Scaling to cloud computing has been a game changer for us. Now we can really accelerate our data pipeline, avoid training bottlenecks, and run as many experiments as our wallet allows.
This post is a small departure from the typical biomechanics content I write here, but is an interesting topic nonetheless; how do we train our algorithms? This could be ridiculously dense, but I’m hoping to provide a more high-level description of the process and a couple things that we have done to make our lives a bit easier.
Before we get into how we train these algorithms, it may make sense to give a general description of the data workflow. Effectively, we take a picture and we determine a key point on that image by eye. For instance, if we are looking to add a knee joint, we would click on the center of rotation of the knee (I’m going to write about this process in another post more comprehensively, like how we measure different body shapes and sizes, but it’s too much for here), and we would do this in hundreds of thousands of images.
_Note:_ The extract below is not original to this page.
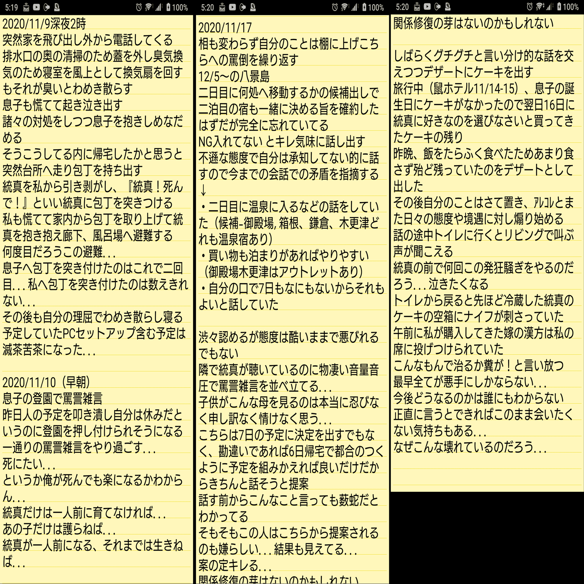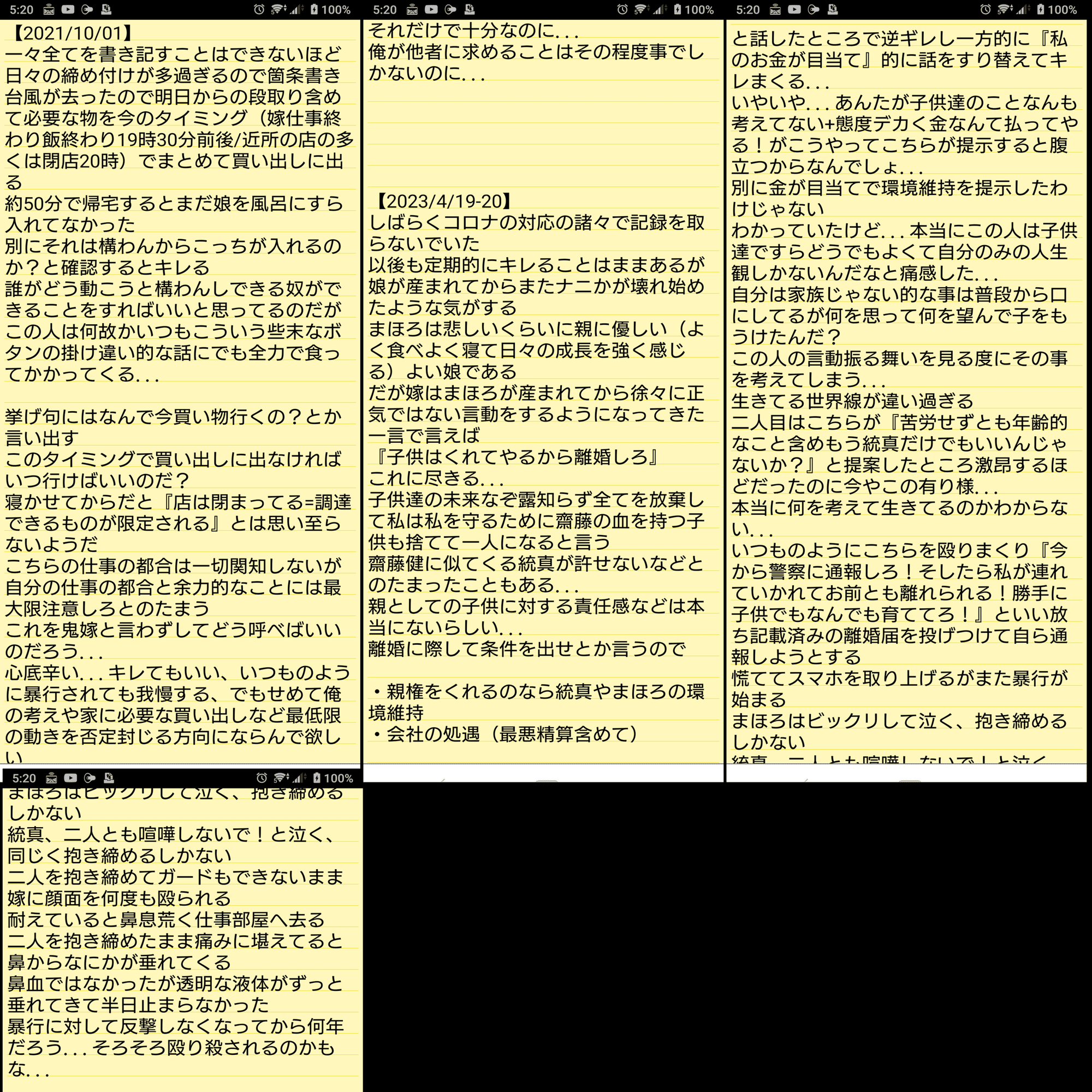 ただ子達は幼いながらも必死で止めたいがため自身の意思で割って入り受けた被害。母から苛烈に怒られ攻められることはあってもそれらを虐待的に認識できてはいなかったと思います。ですがその中の多くを私は証拠記録保存にも努めていました。いずれ妻を諭す時も来るだろう…その時の客観的証拠としても必要だとの観点でした。

With these data, we then train an algorithm to learn where that knee joint location is, without a human needing to click on it! Learning in general happens in a similar way to how humans learn. Consider a child trying to speak. The child tries to say a word, and initially, they might be incorrect. Then, the parents will correct them, and the child will try again. This process happens over and over until the child says the word correctly. This is how we train our algorithms; the algorithm guesses where the knee is (incorrectly) and we provide feedback until it gets it right!
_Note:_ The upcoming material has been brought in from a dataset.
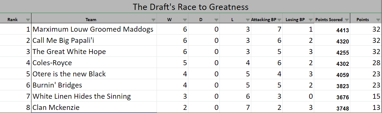 It's getting tight at the top! The bonus point win takes the top three on the table to the same competition points. The other side of the story has Larry (Loser Harry) slide back to 8th and last place. The Great White Hope continues to get maximum points out of Richie Mo'unga (74 points) and Samu Kerevi (67), while new man RG Snyman (69) was on fire as well. David Havili and Lachlan Boshier (59) scored solidly, with solid backup from Emiliano Boffelli (49). Larry's team is fading fast, he needs a big change to get more out of his starting lineup. The men that are worth something are Isi Naisarani (63 points) and Joe Powell (51), but that's where the positives end. Surely Alex Mafi (25), Lomax (10), Franklin (20), Combrinck (22) and Caleb Clarke (12) should all be on the chopping block. Blake has dominated Larry this year, and the match up shows 2 - 0 as a result.

Now in the early days, we would train these in house on some very nice computers. Our data throughput was so slow that it really didn’t matter, we could train for two weeks for each joint and never fall behind. Times have changed for the better, and now we have a huge data team that adds and corrects constantly. The point is to always improve our tracking. Moreover, we are constantly expanding that team, so we expect the “problem” to get worse.
I promise I’m not sponsored by a cloud service (Google, if you are listening, please send some compute credits!!), but really the only way we could adjust to the changing landscape of our data team was to change to a cloud compute paradigm, where we lease supercomputers to train our algorithms on the cloud. To put these in perspective, some of the models we run now would have historically taken 24 days to train, which, in practice, means they would never finish (i.e. something would always happen, like a power outage). After adjusting the code a little bit to be compatible on the cloud, we can run these same training sessions in about 12 hours.
Now we are actually keeping up to our data team without breaking a sweat. The other benefit is that we can run as many experiments as our wallet will allow, so we are never compromising our scientific curiosity because other more important problems are being tackled. We can actually run them all at the same time. It has also changed our relationship with our data team and developers. Now we are way more connected, and because of this compute speed increase, have come up with some other strategies that have further improved our data input speed as well as accuracy.
For us, the biggest benefit is that we can better keep up with customers' needs, further the accuracy of our product, and not be restricted by older hardware limiting our ability to innovate. As a word of caution, I’m not sure if I sleep the same when these sessions are running, because if you forget that it’s running or it times out, the bill will be a thing of nightmares. Happy computing!